One of the things I noticed since becoming a mom is that I have given up many of the little things in life that brought me joy, specifically, "Me" time. I found that since becoming a mother, I tend to put others before myself, and when I do put myself first, it comes with a big old helping of guilt. One of the things being in the program has shown me, is that it is okay to put me first, especially when it comes to my health. It has been my goal to go to the gym, and not feel bad about taking an hour for myself. This is something that I do struggle with, but I am having an easier time lately. I guess it's because a friend of mine really put it into perspective for me.

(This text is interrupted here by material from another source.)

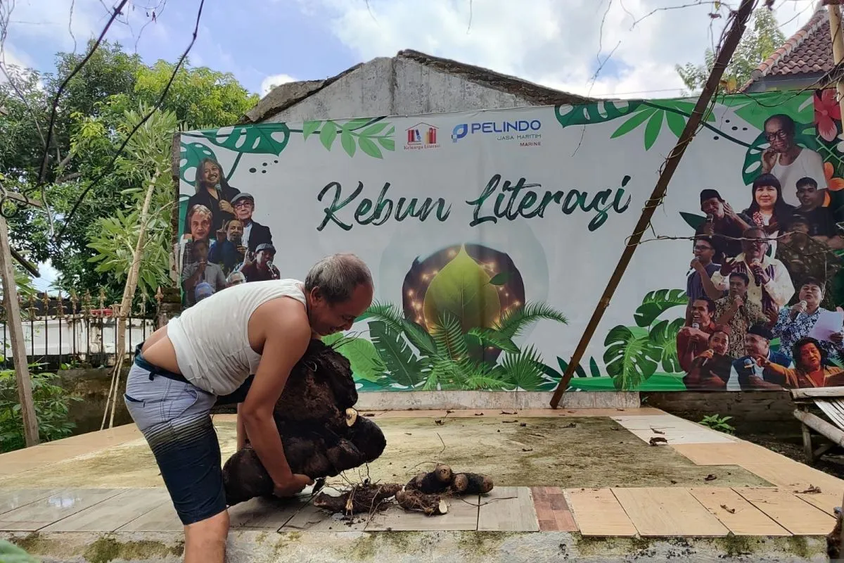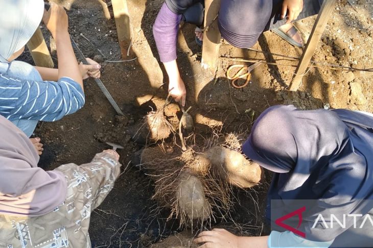 Sutejo, pegiat literasi dengan gelar akademik doktor sastra itu, baru saja selesai memanen tanaman uwi (Dioscorea alata) dan gembili (Dioscorea esculenta)

He said, one hour at the gym, is just giving you the chance at a longer life with your daughter and your husband. He was so right. I want to have many years to enjoy my little family, so one hour a day is nothing compared to a lifetime with them, and good health.
As I mentioned earlier this has been a tough week for me. I recently lost a man that I highly respected, and thought the world of, he was like the grandpa I never had. He was actually my childhood friends grandfather, but I thought of him as my own, and I am very thankful to my friend for sharing him with me for the last 25 years. This man opened his home to me for so many holiday dinners as I grew up, that it just became a given that I would be at the table at suppertime. He also saved my teenaged butt by towing my dad's truck into town when it broke down. He didn't even give us hell when he found out that we weren't supposed to take the truck out of town. He just shook his head and said, let's go get it before your parents get home. He had a good life, and I am very sad that I won't see him again. I do take comfort knowing that he is with his late wife granny, his daughter and his dog Patches. Bye Papa, I will miss you, you old coot!!
Along with the death of Papa, I also suffered an injury.... I broke two toes!! Stupid steel bed frame, damn big feet!! It was so unbelievably painful, I actually cried a little. My toes turned completely black, and swelled up. It looked like I had two black sausages where my toes were. Sad thing is, treatment for broken toes is: ABSOLUTELY NOTHING!! That's right, nothing they can do but advise me to take it easy for a couple of days and keep icing them. So I did take it easy for a day and then I was back at the gym, pushing past the pain, mind over matter. I was a couple of days away from my weekly meeting, and I wanted to see some good numbers from my frenemy, the scale. So, I am proud to report that the scale was good to me and I lost another 7 pounds!! Wow, 7 less pounds of Lana to love, and boy, I am loving it!! I am 2.8 pounds from my 30 pound goal, and only 12.8 pounds from a night out dancing with my girls! I never thought that I would get here. I never thought that I would make it this far, but I am doing it, and I will succeed!! Hell, I have already. I am also proud to report that I am now wearing my wedding band and engagement ring, something I have not done for more than 2 years, and I can fit into my pre-baby clothes, and those clothes are already a little big!!! Words can't describe the feeling I got when I zipped up my pre-baby jeans. It was euphoric, and just reinforced my belief that I can do this. I will do this!! Life feels good!
I am 27.2 pounds closer to a Brand New Me!!